The example above is true when you have different GPOs that have similar configuration, configured with opposite settings. When you apply couple of GPOs at different levels and every GPO has its own settings, all settings from all GPOs are merged and inherited by the computers or users.

Group Policy sections

Each GPO is built from 2 sections:

  • Computer configuration contains the settings that configure the computer prior to the user logon combo-box.

  • User configuration contains the settings that configure the user after the logon.

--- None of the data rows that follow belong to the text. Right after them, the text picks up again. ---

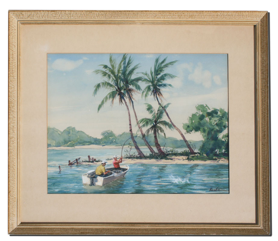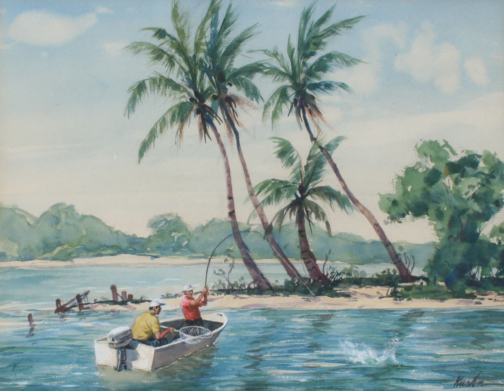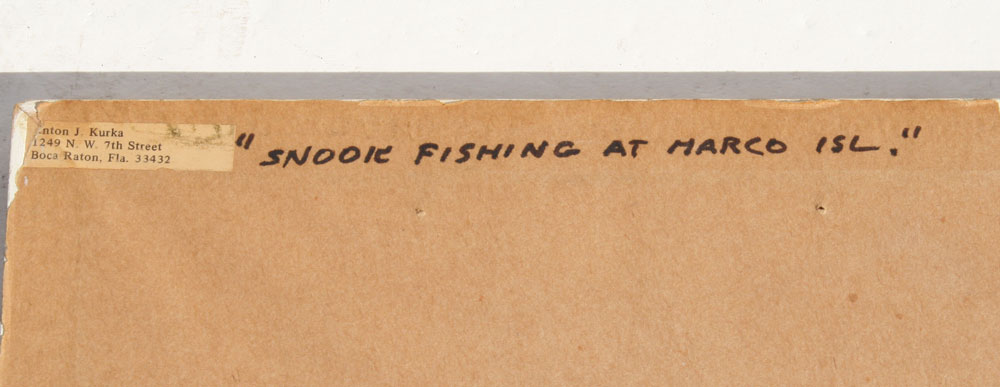 KURKA, Anton, (American, 20th C): ''Snook Fishing At Marco Island'', Watercolor, sight size 12'' x 16 1/2'', signed, original frame, 19 1/2'' x 23 1/2, titled verso.
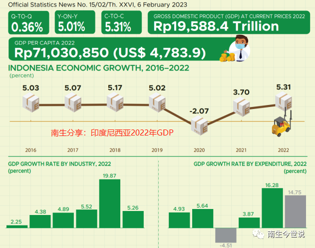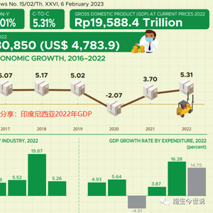 印度尼西亚国家统计局发布的信息:2022年的经济同比实际提升5.31%,增幅创下了自2013年以来的最高纪录。
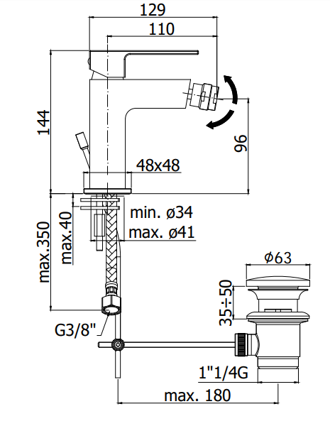- Размер врезного отверстия: min. Ø 34 мм, max. Ø 41 мм
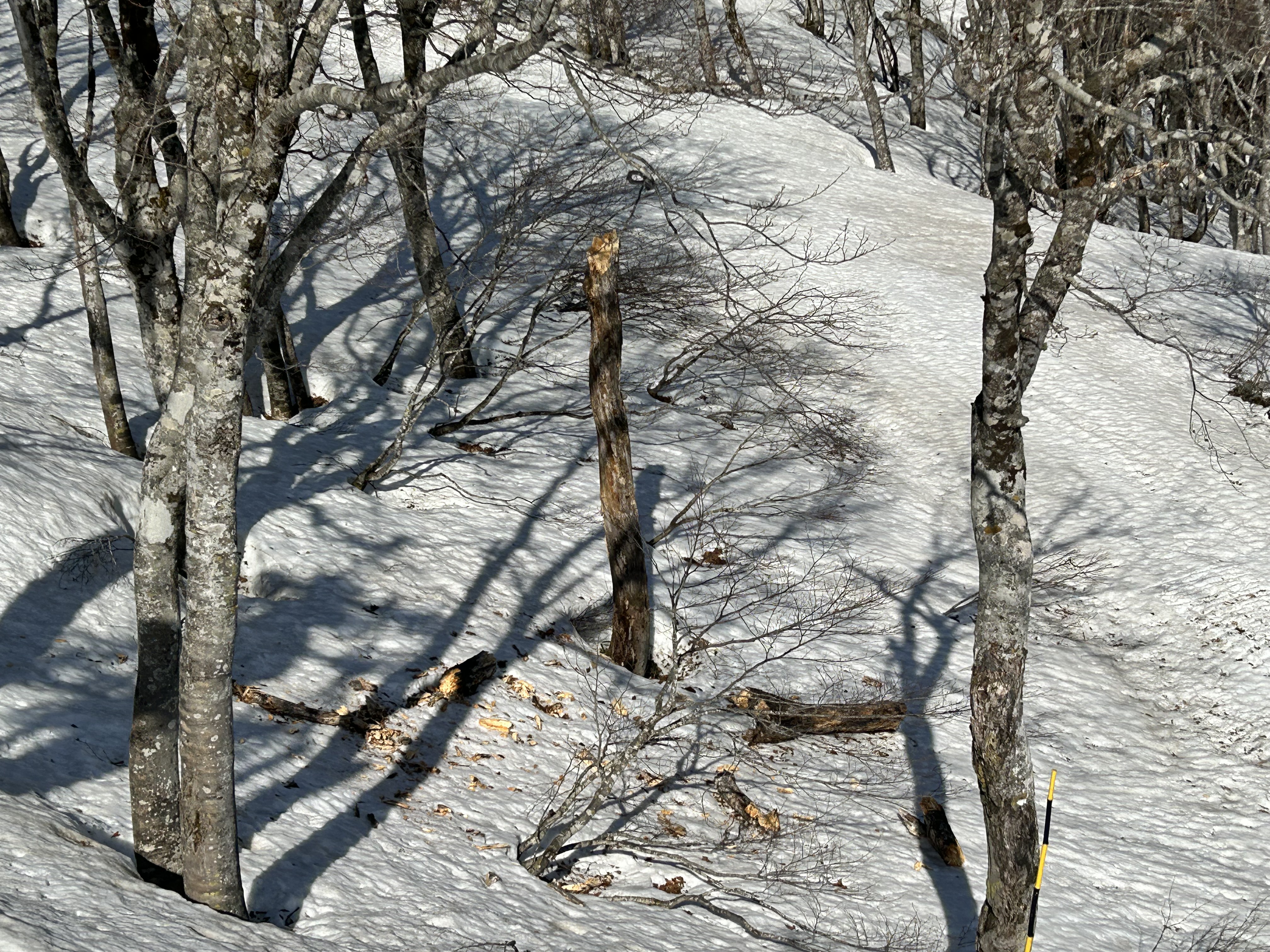 これはアルプス第一リフトの右側の林の中の写真です!滑走エリア外はこのように整備されていない状態になっており危険が多々潜んでいますので、立ち入り禁止、境界線ポールの外に出ることはないようにお願いします!!!
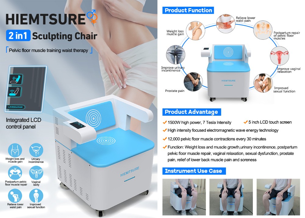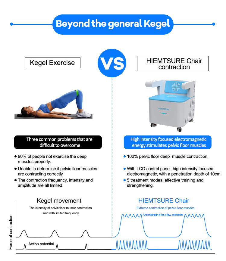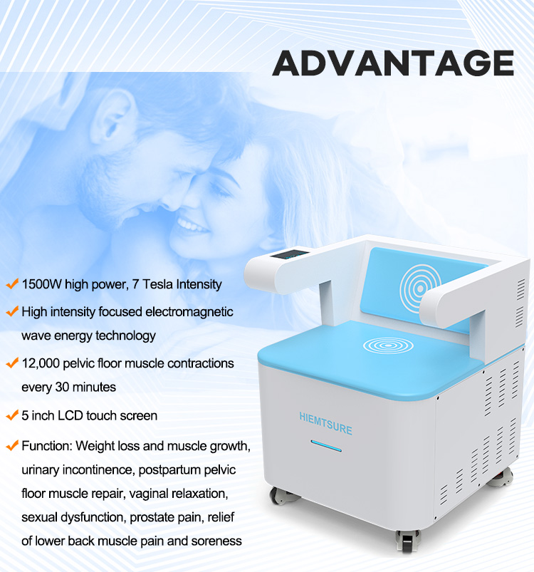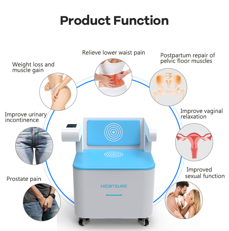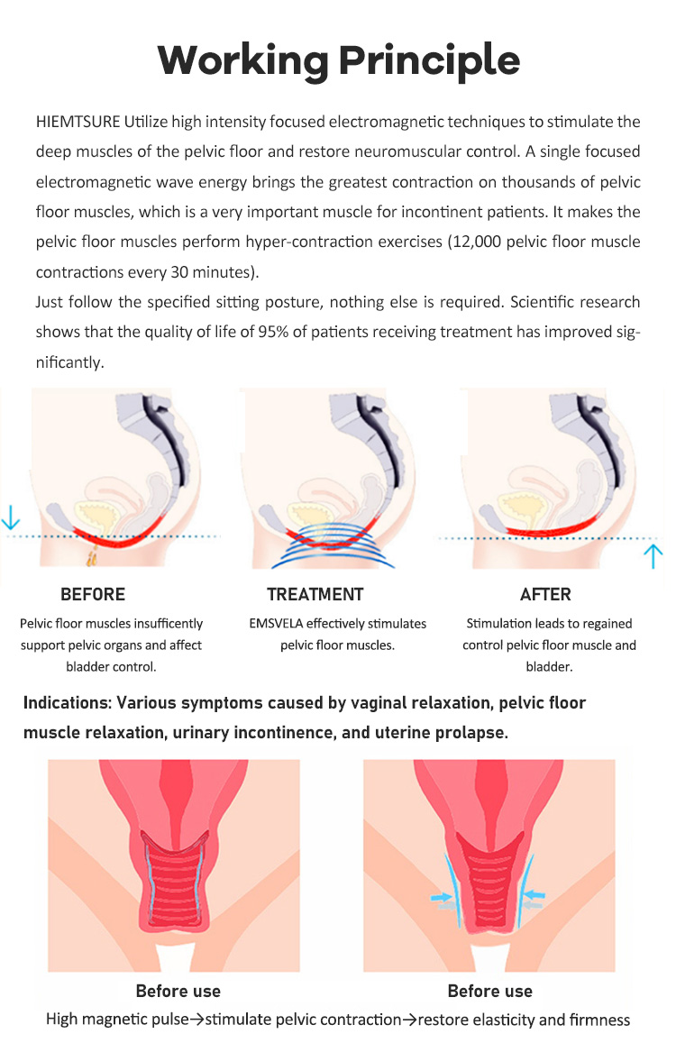 HIEMTSURE Utilize high intensity focused electromagnetic (HIFEM) techniques to stimulate the deep muscles of the pelvic floor and restore neuromuscular control. A single focused electromagnetic wave energy brings the greatest contraction on thousands of pelvic floor muscles, which is a very important muscle for incontinent patients. It makes the pelvic floor muscles perform hyper-contraction exercises (12,000 pelvic floor muscle contractions every 30 minutes).

You cannot choose to apply the setting on a single user, all users, including administrator, are affected by the settings.

Within these two section you can find more sub-folders:

  • Software settings and Windows settings both of computer and user are settings that configure local DLL files on the machine.

  • Administrative templates are settings that configure the local registry of the machine. You can add more options to administrative templates by right clicking it and choose .ADM files. Many programs that are installed on the computer add their .ADM files to %systemroot%\inf folder so you can add them to the Administrative Templates.

You can download .ADM files for the Microsoft operating systems

Tools used to configure GPO

You can configure GPOs with these set of tools from Microsoft (other 3rd-party tools exist but we will discuss these in a different article):

  1. Group Policy Object Editor snap-in in MMC - or - use gpedit.msc from the Run command.

  2. Active Directory Users and Computers snap in - or dsa.msc – to invoke the Group Policy tab on every OU or on the Domain.

  3. Active Directory Sites and Services - or dssite.msc – to invoke the Group Policy tab on a site.

  4. Group Policy Management Console - or gpmc.msc - this utility is NOT included in Windows 2003 server and needs to be separately installed. You can download it from HERE

Note that if you'd like to use the GPMC tool on Windows XP, you need to install it on computers running Windows XP SP2. Installing it on computers without SP2 will generate errors due to unsupported and newer .ADM files.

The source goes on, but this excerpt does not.